This article originally appeared in Law360 on April 15, 2015

What does it mean to win? For many businesses facing commercial conflicts, it has traditionally meant attempting to destroy one’s opponent in court, whatever the cost — and, therefore, often at great cost, in terms of money, time and business disruption. And that’s if you win! Indeed, predictability is not the hallmark of our legal system and with at least two sides, there have to be losers ... often all involved. 

When I first came to MasterCard in the mid-1980s, I brought with me both a litigator’s skill set and mindset, assuming that the courtroom was the place to resolve business disputes. However, over my 13 years as MasterCard’s general counsel, and as the growing scope, risks and expense of litigation became ever more apparent, my mindset evolved. My company shared what had become the untenable choice of so many corporations — either pay the huge bill that accompanies litigation (and with no guarantee, mind you, of a resulting victory), or abandon your rights and open the corporate coffers. There had to be a better way.

Of course, certain matters required that we litigate, sometimes fiercely. But as I began to explore additional strategies, I found that I was able to resolve almost all of MasterCard’s ongoing cases through a mediation process. Often, the results we achieved by utilizing dispute resolution were more finely nuanced and tailored to our needs (and the needs of all parties) than any a judge could have handed us, and all the more so the earlier we had started the process.

Perhaps the best example was the resolution of the long-standing multidistrict class action over merchant fees for payment card transactions, involving U.S. retailers and MasterCard, Visa and most of the major financial institutions in the United States. Although this case was particularly complex and triggered a great deal of passion, through mediation we were able to reach a settlement that met the parties’ — and consumer — interests in a much more strategic and flexible way than we could have in court.

And not only is the cost to all parties a lot less, but when engaging in such mediation efforts, our business relationships were much more likely to be preserved — or at least not irretrievably destroyed, as is so often the case in “scorched earth” litigation.

If they are not already doing so, I firmly believe that the most evolved and innovative business leaders will soon similarly be concluding that there has to be a better way. They will increasingly understand the value of both litigating aggressively when warranted, but also of seeking alternatives (whether it be mediation, arbitration or otherwise) that might resolve disputes more quickly, less disruptively and at significantly lower cost.

More and more, prior litigants are finding themselves pleasantly surprised by processes that focus more flexibly on addressing their subjective needs, as opposed to purely formal legal rights and obligations. And resolutions that address the interests of the parties, as opposed to purely a redress of legal rights, give rise to better solutions and better long-term relationships. Increasingly, adversaries today are joint venture partners tomorrow, or working together to pursue common goals or respond to industry threats such as cyberattacks or challenges such as adverse regulation.
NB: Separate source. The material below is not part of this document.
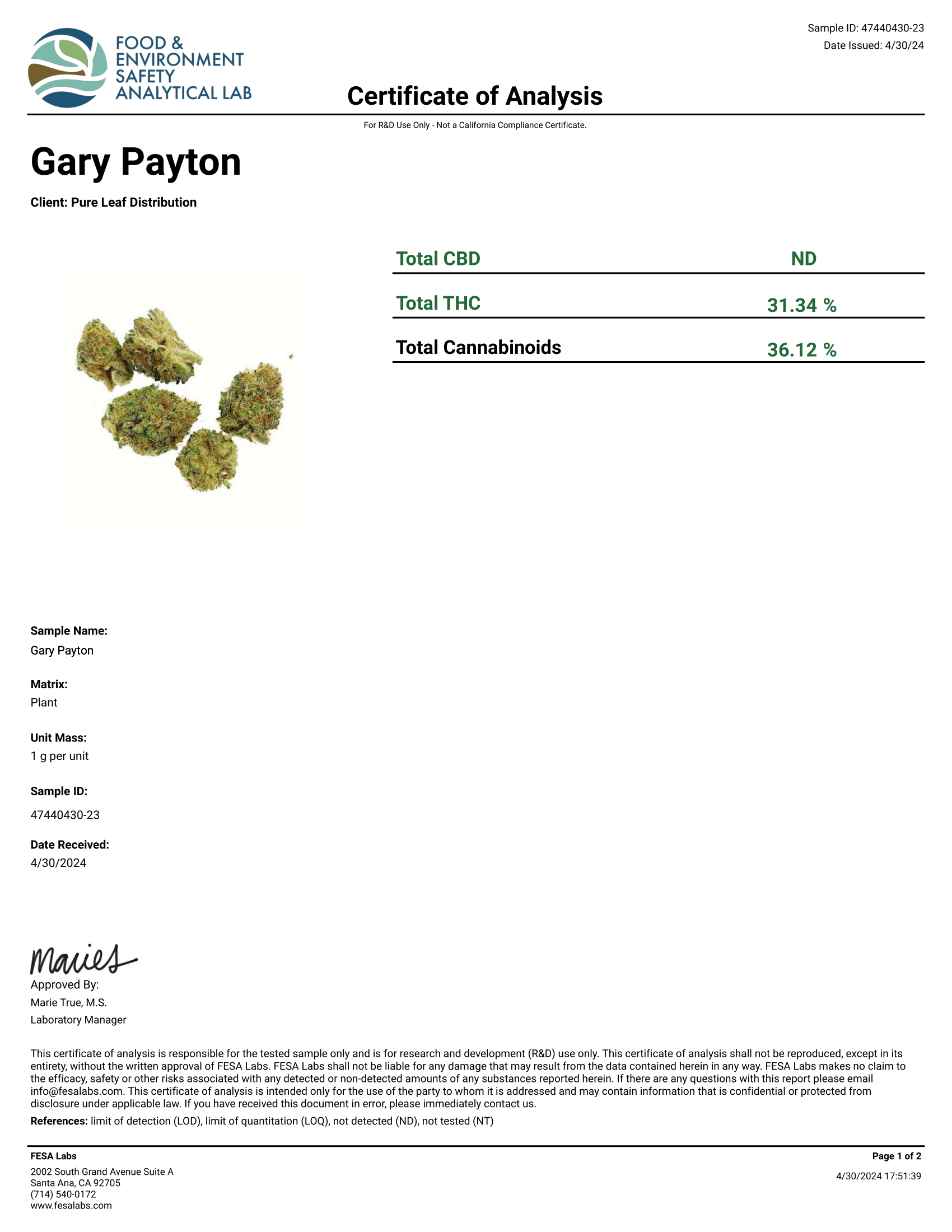 - Total CBD: ND (Not Detected)

Companies’ general and other in-house counsel are realizing that, in order to be effective in today’s commercial climate, they must transform themselves into effective business enablers, focused on finding practical and creative business solutions that get everyone to “yes.” Indeed,  companies’ outside law firms, or at least those that are progressive-minded, are realizing that serving their clients at the highest levels requires embracing dispute resolution outside of the courtroom as an integral  part of the process.

And it doesn’t stop there. In a speech he gave recently, at the International Institute for Conflict Prevention & Resolution’s annual meeting, author and former Boston University School of Law professor Eric Green referred to developments pointing to a broader societal and evolutionary change through three primary stages of conflict resolution: primitive, adjudicatory and, finally, consensual, which he also refers to as “Stage III.” “The tide,” as they say, “is a turnin’.”
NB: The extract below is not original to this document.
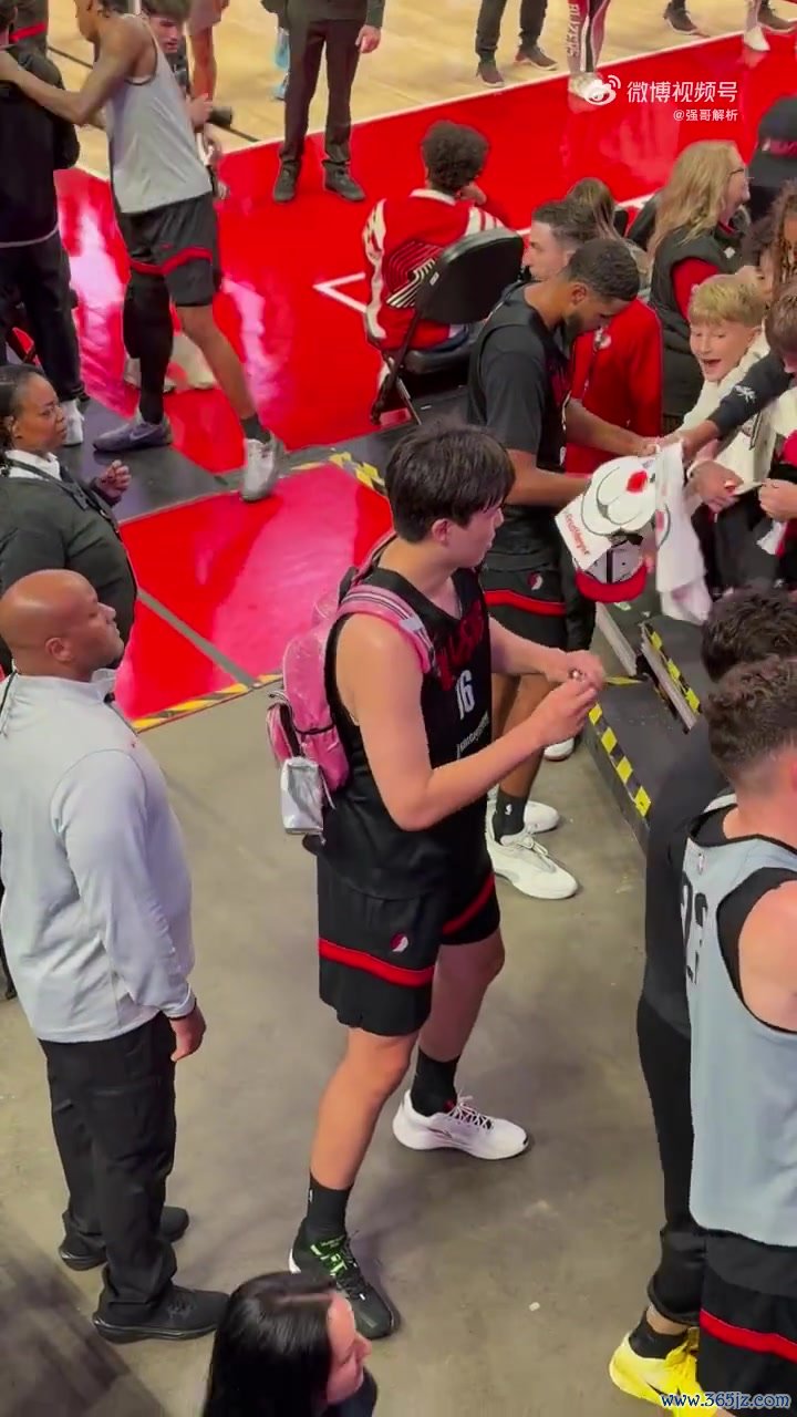 这手速得练练了😂杨瀚森背着尬舞时的粉色包包 给场边球迷签名

Sure, everyone loves to be the sole winner but an effective mediation will often lead to a win-win resolution. Even when it can’t, forward-thinking business leaders understand that commercial conflict resolution is no longer simply a game of winning or losing. Whether it be the ability to remove distractions and focus on innovation and revenue, the positive reaction from the investment community that derives from addressing uncertainties, or simply the significant save on legal spend, there is almost always a clear benefit in simply moving on, finding a mutually acceptable solution (and the sooner the better).

This is an exciting time. As the business community continues to recognize and embrace dispute resolution as a priority, it is potentially freeing up millions to be spent on jobs and innovation, instead of legal fees. More profoundly, as they make a thoughtful approach to dispute resolution the norm instead of an “alternative,” business leaders are collectively furthering the cause of corporate social responsibility and changing the tenor of how global business is conducted. This benefits not only their companies, but society as a whole. By any definition, surely, a resounding victory.